In this exercise, return only the lines that run from the line with "I had the avocado" to the end of the entries below, both included. Pictures are not copied.
BEGIN Material provided
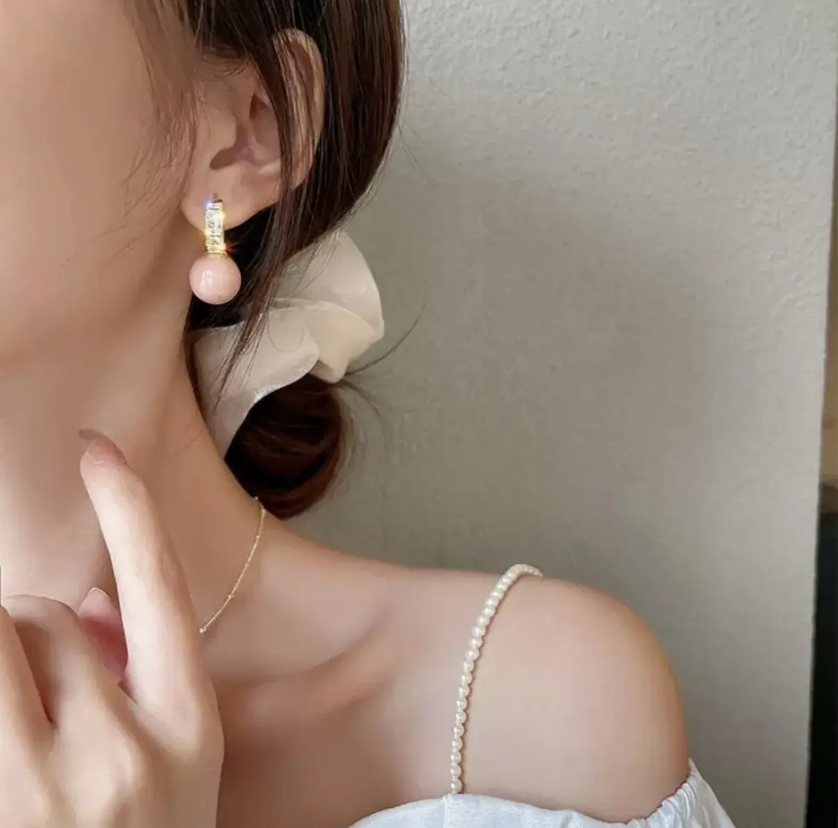 These earrings are a must-have for those who love subtle yet stylish accessories. The blush pink pearl adds a touch of elegance to any outfit. Pair them with your favorite dress or blouse for a polished look.
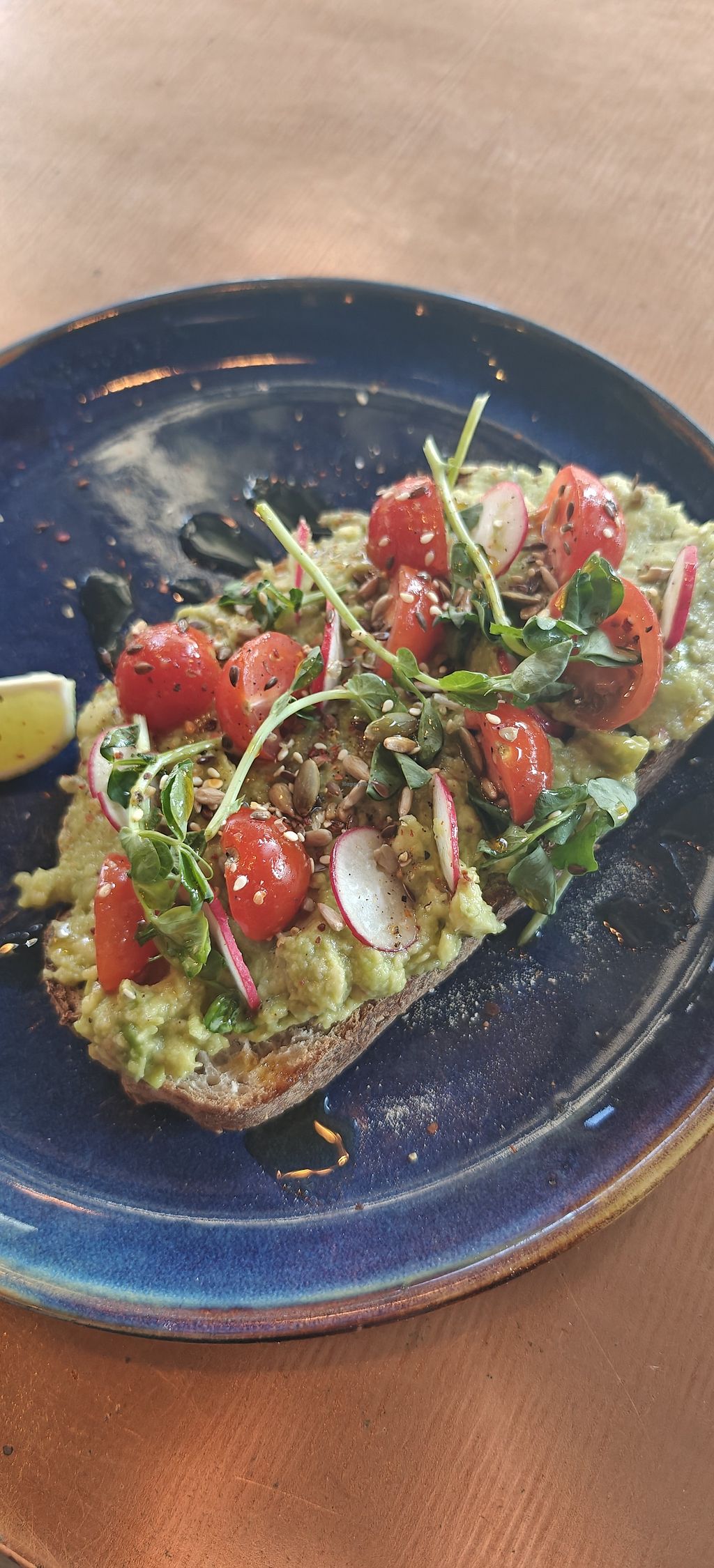 I had the avocado toast, which was maybe a bit pricey, but tasted very good! It is not vegan by default, the non-vegan version contains feta and it wasn't replaced with anything else in the vegan version, although the menu says it's available vegan. I also had a Pompadur donut to go, and it was so delicious! It's also a minus that plant-based milk costs extra. Good products, but on the expensive side.
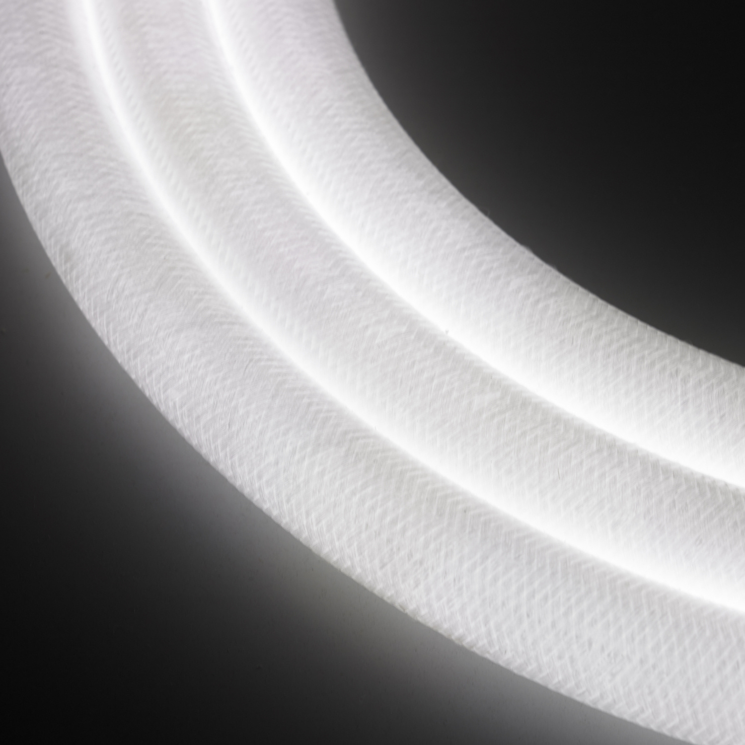 Przez metalową listwę przewieszono tekstylną tkaninę skrywającą ledowe źródło światła.
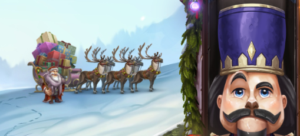 Ce sont les artisans allemands des régions montagneuses qui ont commencé à sculpter ces figurines en bois au 17ème. C’est donc tout naturellement que l’éditeur a choisi cet environnement pour la trame de Big Stack Nutcrack. À perte de vue, des sapins sous la neige et des montagnes. En avant-plan, le père Noël qui patiente près de son traîneau attelé.
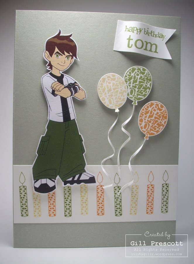 A while back, my friend Jon asked me to make a card for his nephew, Tom, who is really keen on Ben 10. I didn’t know where to start at first as I have nothing in my craft stash like this at all! So Jon helped me out by giving me a picture of the character which I used as a topper on the card, mounted with stampin’ dimensionals …
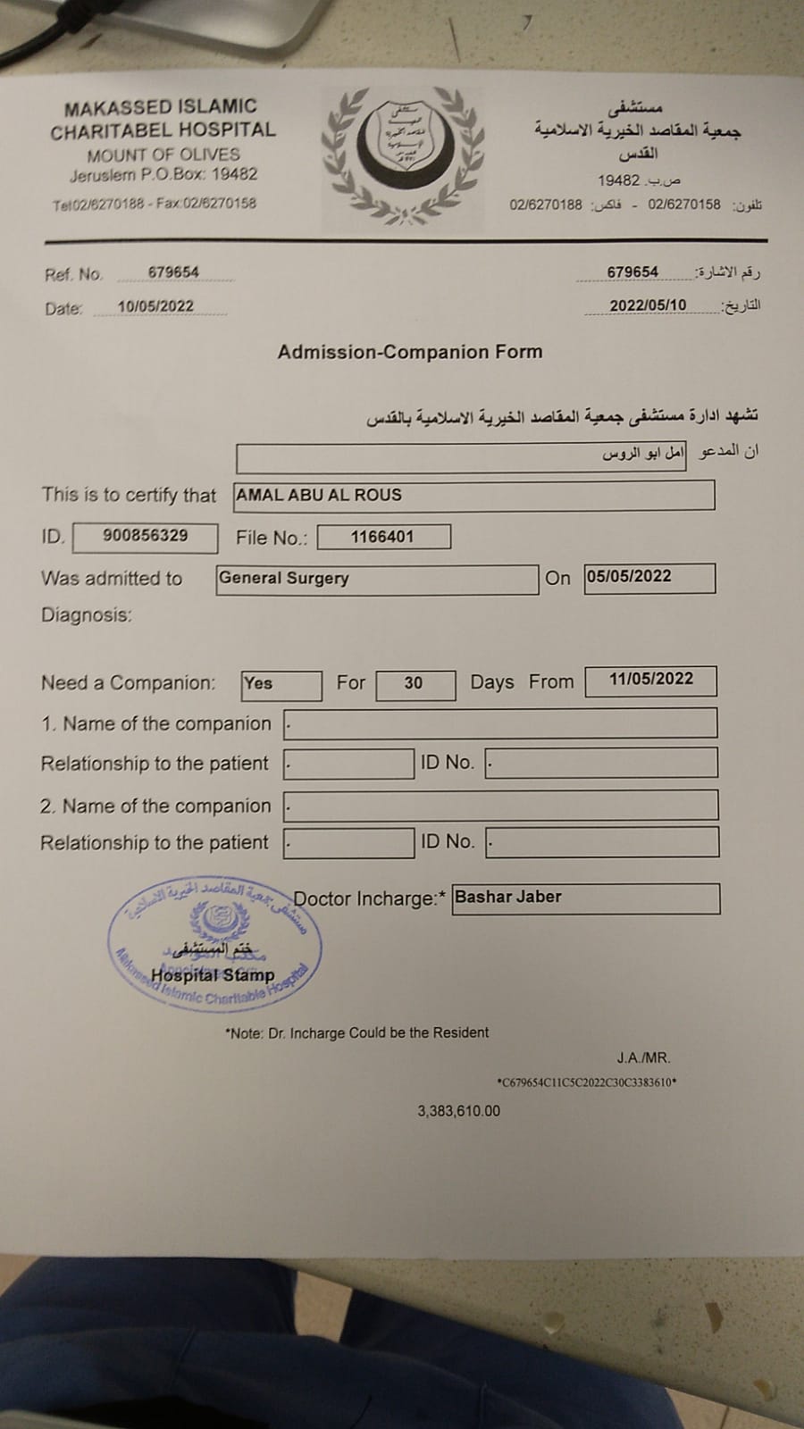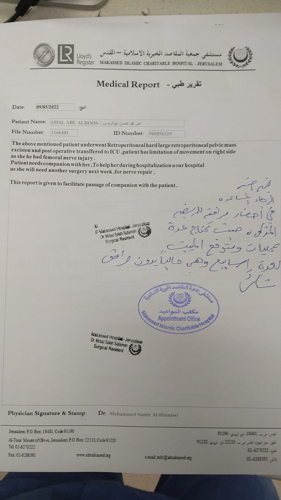 مواطنة تناشد من أجل السماح لأحد من أقاربها بمرافقتها برحلة العلاج في مستشفى المقاصد
END Material provided
- **Problem solution**
 I had the avocado toast, which was maybe a bit pricey, but tasted very good! It is not vegan by default, the non-vegan version contains feta and it wasn't replaced with anything else in the vegan version, although the menu says it's available vegan. I also had a Pompadur donut to go, and it was so delicious! It's also a minus that plant-based milk costs extra. Good products, but on the expensive side.
 Przez metalową listwę przewieszono tekstylną tkaninę skrywającą ledowe źródło światła.
 Ce sont les artisans allemands des régions montagneuses qui ont commencé à sculpter ces figurines en bois au 17ème. C’est donc tout naturellement que l’éditeur a choisi cet environnement pour la trame de Big Stack Nutcrack. À perte de vue, des sapins sous la neige et des montagnes. En avant-plan, le père Noël qui patiente près de son traîneau attelé.
 A while back, my friend Jon asked me to make a card for his nephew, Tom, who is really keen on Ben 10. I didn’t know where to start at first as I have nothing in my craft stash like this at all! So Jon helped me out by giving me a picture of the character which I used as a topper on the card, mounted with stampin’ dimensionals …
 مواطنة تناشد من أجل السماح لأحد من أقاربها بمرافقتها برحلة العلاج في مستشفى المقاصد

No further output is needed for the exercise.